(PROVIDED MATERIAL)
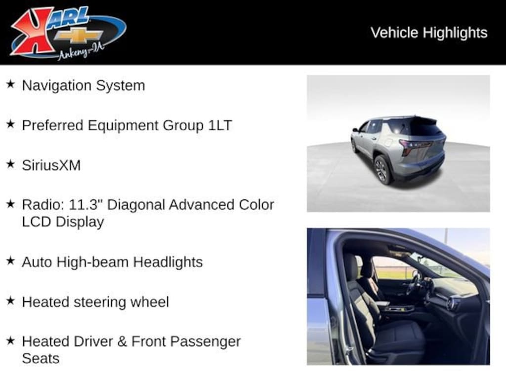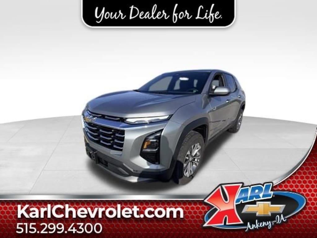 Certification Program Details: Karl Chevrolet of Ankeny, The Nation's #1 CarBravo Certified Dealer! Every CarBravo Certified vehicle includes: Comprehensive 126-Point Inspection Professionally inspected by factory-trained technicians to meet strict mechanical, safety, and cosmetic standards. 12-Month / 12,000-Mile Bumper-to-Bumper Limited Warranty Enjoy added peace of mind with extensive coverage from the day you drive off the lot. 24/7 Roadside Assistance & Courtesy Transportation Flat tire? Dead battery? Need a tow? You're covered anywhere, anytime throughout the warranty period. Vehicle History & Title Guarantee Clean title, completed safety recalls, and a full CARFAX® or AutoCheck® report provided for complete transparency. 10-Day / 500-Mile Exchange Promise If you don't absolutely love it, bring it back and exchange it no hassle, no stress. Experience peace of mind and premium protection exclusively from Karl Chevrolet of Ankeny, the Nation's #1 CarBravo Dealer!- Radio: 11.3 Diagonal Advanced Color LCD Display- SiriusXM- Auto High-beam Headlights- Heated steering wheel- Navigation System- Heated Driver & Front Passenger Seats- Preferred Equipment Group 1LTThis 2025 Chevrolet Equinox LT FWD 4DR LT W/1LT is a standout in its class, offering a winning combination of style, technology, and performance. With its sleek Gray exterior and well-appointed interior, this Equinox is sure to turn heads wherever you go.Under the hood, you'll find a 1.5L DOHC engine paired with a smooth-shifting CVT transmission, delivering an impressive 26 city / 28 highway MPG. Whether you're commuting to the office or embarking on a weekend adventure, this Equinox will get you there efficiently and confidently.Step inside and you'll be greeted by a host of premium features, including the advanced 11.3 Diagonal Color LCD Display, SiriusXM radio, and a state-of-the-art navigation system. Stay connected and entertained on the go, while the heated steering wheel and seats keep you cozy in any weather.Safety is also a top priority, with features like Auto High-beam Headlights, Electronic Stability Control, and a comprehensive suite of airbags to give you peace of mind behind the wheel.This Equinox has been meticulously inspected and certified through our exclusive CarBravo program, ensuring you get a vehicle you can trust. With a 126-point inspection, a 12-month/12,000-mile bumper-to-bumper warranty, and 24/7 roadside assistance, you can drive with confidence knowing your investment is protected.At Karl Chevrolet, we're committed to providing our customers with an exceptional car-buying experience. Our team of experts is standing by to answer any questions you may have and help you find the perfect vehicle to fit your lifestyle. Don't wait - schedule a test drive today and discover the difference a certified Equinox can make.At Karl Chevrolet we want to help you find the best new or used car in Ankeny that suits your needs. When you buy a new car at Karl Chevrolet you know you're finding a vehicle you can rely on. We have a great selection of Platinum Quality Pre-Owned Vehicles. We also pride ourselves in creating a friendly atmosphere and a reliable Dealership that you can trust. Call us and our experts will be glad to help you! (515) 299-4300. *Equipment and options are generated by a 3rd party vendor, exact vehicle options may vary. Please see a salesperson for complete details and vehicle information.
(End PROVIDED MATERIAL)
(PROVIDED MATERIAL)
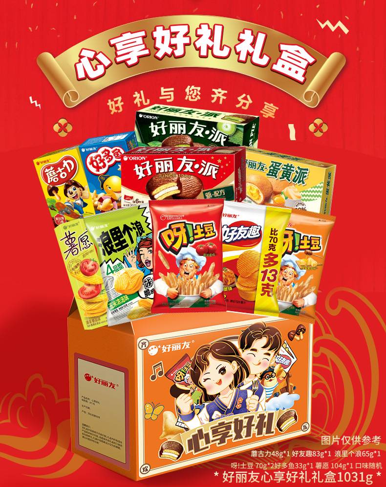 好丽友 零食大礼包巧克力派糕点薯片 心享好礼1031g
(End PROVIDED MATERIAL)
(PROVIDED MATERIAL)
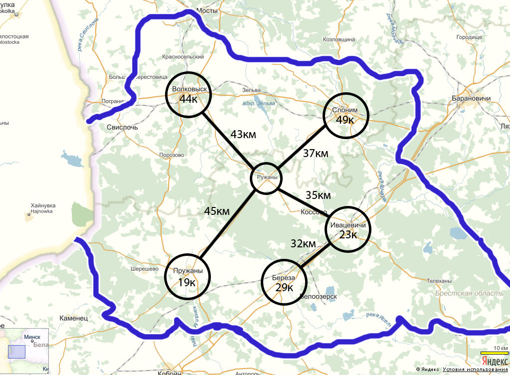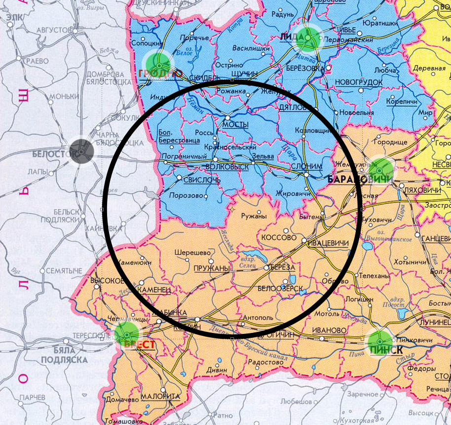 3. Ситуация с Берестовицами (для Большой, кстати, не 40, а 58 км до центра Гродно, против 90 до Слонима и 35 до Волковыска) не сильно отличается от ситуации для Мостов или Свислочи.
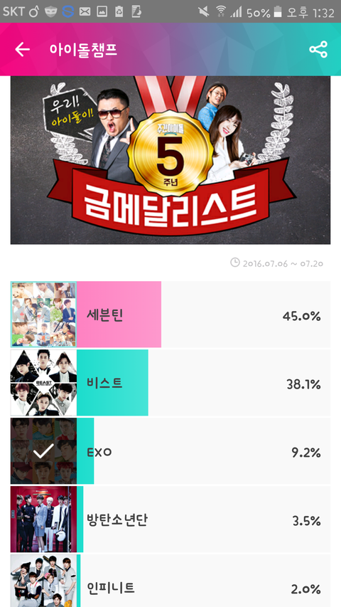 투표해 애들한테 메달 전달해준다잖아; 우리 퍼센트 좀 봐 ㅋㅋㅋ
(End PROVIDED MATERIAL)
| EXERCISE OBJECTIVE |
Nothing but the lines from the one with "3. Ситуация с" up to and including the one with "투표해 애들한테 메달 전달해준다잖아; 우리 퍼센트 좀 봐 ㅋㅋㅋ" should be printed, exactly as they read above. Please keep the pictures out.

| EXPECTED ANSWER |
 3. Ситуация с Берестовицами (для Большой, кстати, не 40, а 58 км до центра Гродно, против 90 до Слонима и 35 до Волковыска) не сильно отличается от ситуации для Мостов или Свислочи.
 투표해 애들한테 메달 전달해준다잖아; 우리 퍼센트 좀 봐 ㅋㅋㅋ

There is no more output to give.